SR : Quelle est la journée type de la « Délégation Française » ? (réalisateurs, scénaristes, producteurs venus accompagner les films projetés durant ColCoa).
FT : Ils ont un programme en dehors des projections. Lequel est essentiellement axé sur des rencontres professionnelles. On a inauguré cette année une série de petits-déjeuners, auxquels nous convions des agents, des producteurs, des réalisateurs, des journalistes, des distributeurs… L’idée, c’est de pouvoir vendre les films, mais également de négocier les droits de remake, et éventuellement de financer les projets futurs.
SR : Il y’a 6 ans, vous étiez attaché audiovisuel auprès du Consulat de France à Los Angeles, avez-vous observé une évolution, y’a t-il une curiosité plus marquée des professionnels de l’industrie aux Etats-Unis ?

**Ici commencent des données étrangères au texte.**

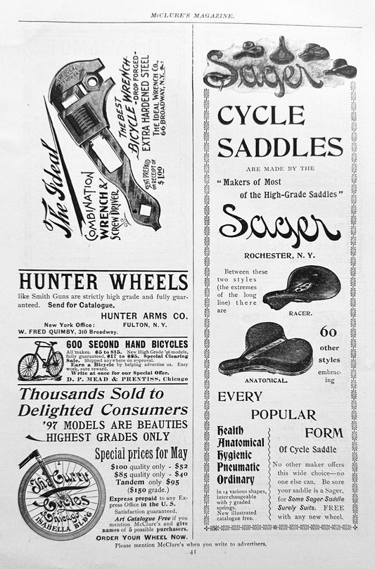 1897 Antique Bicycle Ephemera Vintage Saddle & Bicycle Ads AD#N1305

FT : Tout à fait. C’est clair. Notre communication sur Variety reflète cela au travers du slogan « We have an audience for you » (il y’a un public pour vous). Nous avons voulu faire en sorte que les professionnels viennent, et ils sont venus en nombre cette année. Bien plus que les années précédentes. Cela relève de notre visibilité accrue et de nos exclusivités sur le territoire. Certains distributeurs ont déjà vu les films, mais ils viennent les revoir en présence du public, et dans des conditions de salle pleine. Ce qui est quand même assez rare. Il y’a un vrai intérêt des professionnels, et la programmation le prouve, puisque 25% des films projetés ont été achetés par des distributeurs américains. Lesquels ont utilisé ColCoa pour la Première de leurs films, de façon à créer un buzz. La Vie en Rose, Hors de Prix, Flandres, Paris je t’aime, La Raison du plus Faible, sortiront prochainement en salle.
BIO :
Une fois son diplôme de Sciences Po en poche, François Truffart est affecté en Hongrie, au Japon puis aux Etats-Unis (Los Angeles), en qualité d’attaché audiovisuel au sein de consulats français. Son rôle y est de promouvoir le cinéma hexagonal. Il devient ensuite Directeur de Cinéfondation au Festival de Cannes et représente son marché sur le territoire américain. Au travers de sa société Sorry Angels, François Truffart est également consultant. En 2004, il fonde à Tokyo le label de musique japonais “Cinemania 35”. Il préside à la programmation de ColCoa pendant 3 ans avant d’en prendre la direction en 2007.